──────── Dataset excerpts ────────
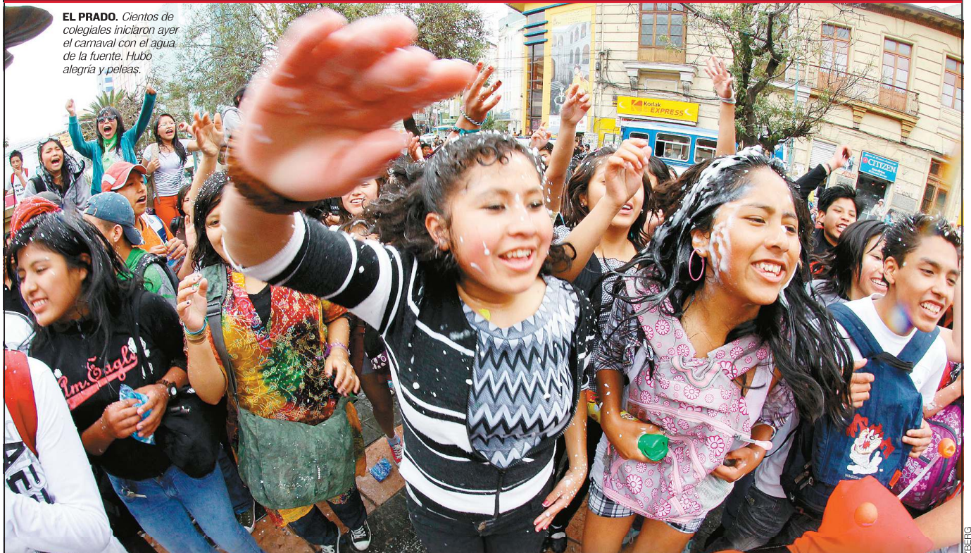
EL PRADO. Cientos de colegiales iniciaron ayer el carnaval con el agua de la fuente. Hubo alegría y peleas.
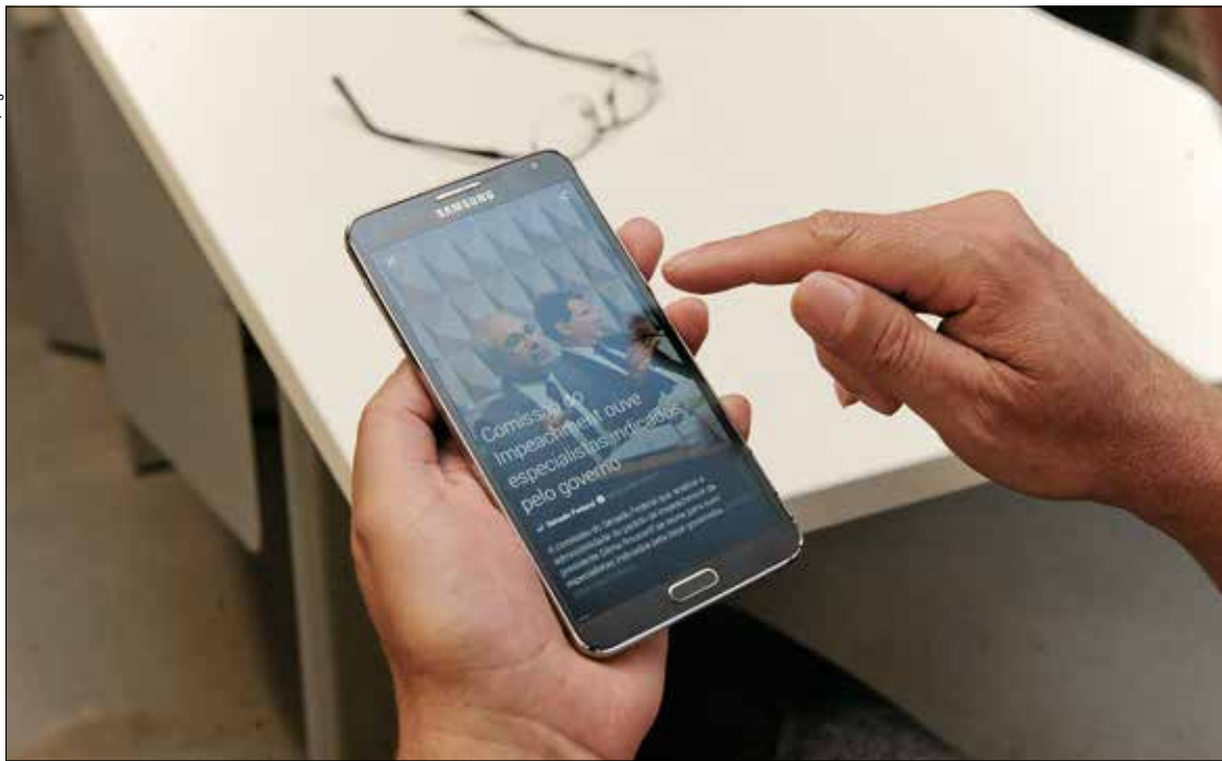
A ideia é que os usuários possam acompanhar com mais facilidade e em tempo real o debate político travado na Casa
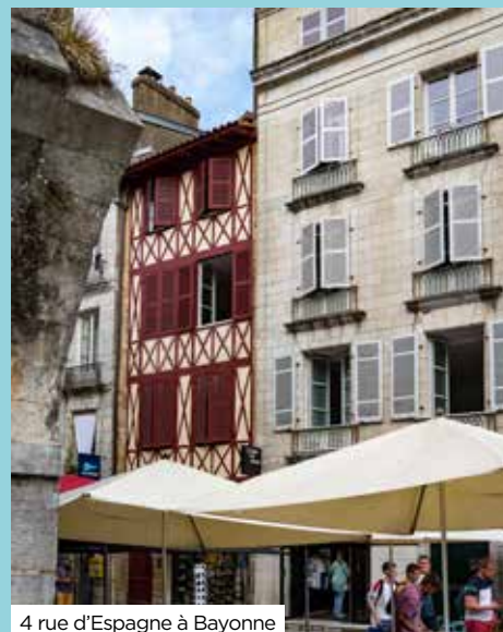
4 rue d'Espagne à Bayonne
────────
──────── Dataset excerpts ────────
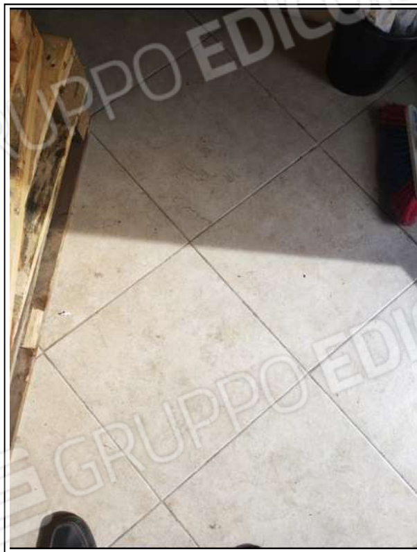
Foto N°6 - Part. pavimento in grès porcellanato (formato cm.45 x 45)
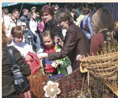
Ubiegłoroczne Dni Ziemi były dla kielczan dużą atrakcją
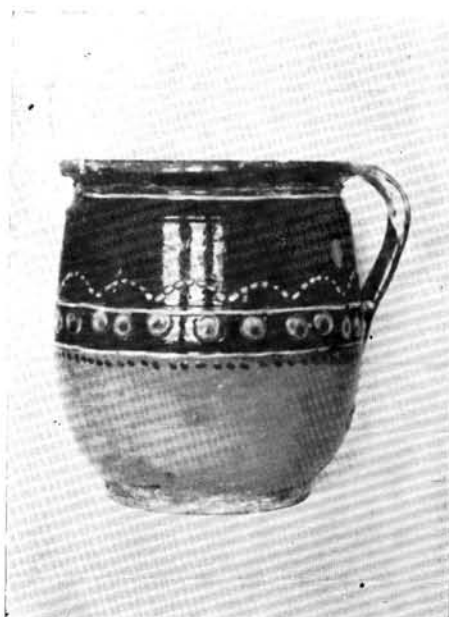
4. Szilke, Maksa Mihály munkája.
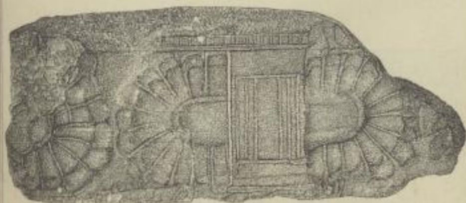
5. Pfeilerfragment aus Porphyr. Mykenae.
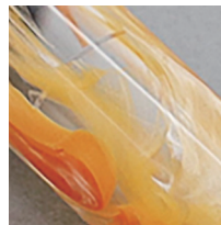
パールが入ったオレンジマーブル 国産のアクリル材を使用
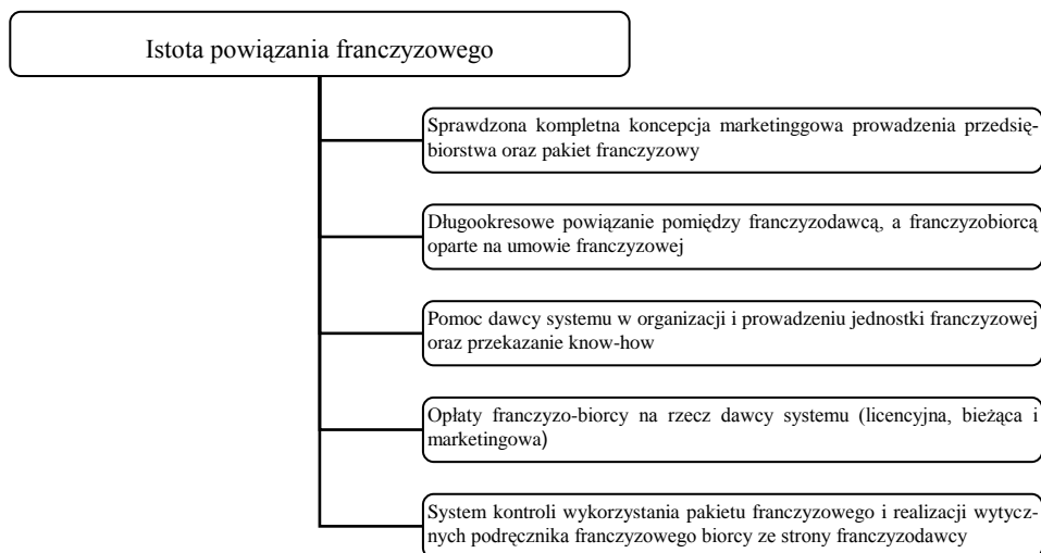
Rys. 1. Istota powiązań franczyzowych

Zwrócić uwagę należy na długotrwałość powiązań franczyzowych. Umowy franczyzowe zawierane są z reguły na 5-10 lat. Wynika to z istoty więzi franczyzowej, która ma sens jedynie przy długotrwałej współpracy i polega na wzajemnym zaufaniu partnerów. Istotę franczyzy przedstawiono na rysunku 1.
────────
What this task involves =>
Given the records above, return the lines starting at the one that holds "Foto N°6 - Part." and ending at the one that holds "Zwrócić uwagę należy", exactly, and nothing besides; leave every picture out.

Result for this task =>
Foto N°6 - Part. pavimento in grès porcellanato (formato cm.45 x 45)
Ubiegłoroczne Dni Ziemi były dla kielczan dużą atrakcją
4. Szilke, Maksa Mihály munkája.
5. Pfeilerfragment aus Porphyr. Mykenae.
パールが入ったオレンジマーブル 国産のアクリル材を使用
Rys. 1. Istota powiązań franczyzowych

Zwrócić uwagę należy na długotrwałość powiązań franczyzowych. Umowy franczyzowe zawierane są z reguły na 5-10 lat. Wynika to z istoty więzi franczyzowej, która ma sens jedynie przy długotrwałej współpracy i polega na wzajemnym zaufaniu partnerów. Istotę franczyzy przedstawiono na rysunku 1.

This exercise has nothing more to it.